Preetam_XD · February 24, 2021, 3:49pm

cv-invalid
cv-other-dev
cv-other-test
cv-other-train
cv-valid-dev
cv-valid-test
cv-valid-train
LICENSE.txt
README.txt
cv-invalid.csv
cv-other-dev.csv
cv-other-test.csv
cv-other-train.csv
cv-valid-dev.csv
cv-valid-test.csv
cv-valid-train.csv

my dataset is in this format which I downloaded it from kaggle
link for dataset:https://www.kaggle.com/mozillaorg/common-voice

when I try to run the training command
!./DeepSpeech.py -train_batch_size 128 --dev_batch_size 128 --test_batch_size 128 --drop_source_layers 2 --show_progressbar True --alphabet_config_path /content/DeepSpeech/data/alphabet.txt --train_files /content/cv-valid-train.csv --dev_files /content/cv-valid-dev.csv --test_files /content/cv-valid-test.csv --epochs 1 --export_dir /content/drive/MyDrive/common_voice_eng/Output --checkpoint_dir /content/drive/MyDrive/common_voice_eng/checkpoint --load_cudnn

it shows error as

raise RuntimeError(‘No transcript data (missing CSV column)’)
RuntimeError: No transcript data (missing CSV column)

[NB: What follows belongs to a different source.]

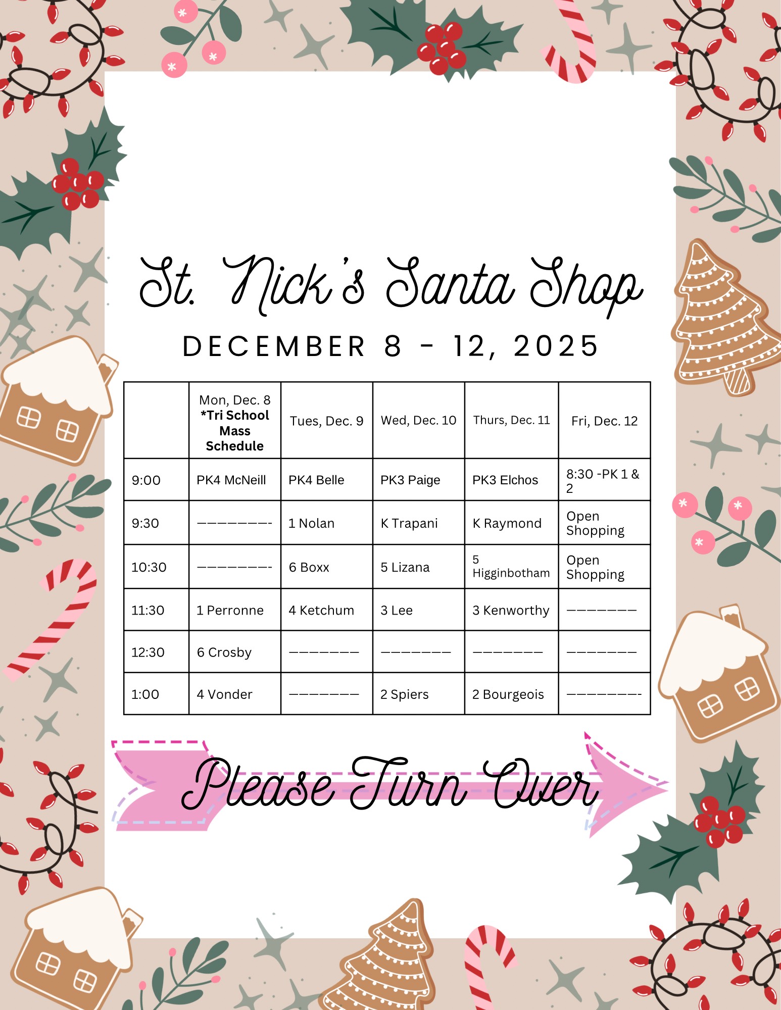 See the attached shopping schedule, and use the Santa Shop Form to help make shopping easier for your child.

lissyx · February 24, 2021, 3:51pm

This is old content, please use actual content and perform import as documented using import_cv2.py

lissyx · February 24, 2021, 4:00pm

We can’t help about that, sorry.

Preetam_XD · February 25, 2021, 7:09am

Will common voice corpus 1 dataset work for deepspeech version 0.9.3?

othiele · February 25, 2021, 8:42am

Yes, format of CV is the same, but less material. But if you can’t get hold of a server that can hold this amount of data, it will be hard for you to do anything useful. Look at the importers, maybe another dataset is better suited for you?

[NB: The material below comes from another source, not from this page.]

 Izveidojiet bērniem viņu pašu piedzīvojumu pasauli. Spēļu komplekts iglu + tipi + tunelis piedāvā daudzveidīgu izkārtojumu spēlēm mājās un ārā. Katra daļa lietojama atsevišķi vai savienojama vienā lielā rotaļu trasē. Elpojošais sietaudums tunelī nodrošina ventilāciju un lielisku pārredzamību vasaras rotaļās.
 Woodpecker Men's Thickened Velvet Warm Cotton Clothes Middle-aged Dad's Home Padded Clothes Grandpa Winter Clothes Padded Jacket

Preetam_XD · February 26, 2021, 6:54pm

I have a doubt can I train common voice dataset on windows 10 CMD?
I tried running some of the commands from deepspeech train your own model but they aren’t working.
Is there any way I can train it on windows?

othiele · February 27, 2021, 4:16pm

Training on Windows is really hard. Try Google Colab if you don’t have a Linux server.

Preetam_XD · February 27, 2021, 4:21pm

Yes but how do I import dataset on Google colab because the common voice dataset is too big.

NanoNabla · February 27, 2021, 7:42pm

There are many google hits for “working with big datasets in Google Colab” e.g. upload it to your Google drive.
If you have a precise problem on running DeepSpeech you may find help here but this is not the regular Colab support.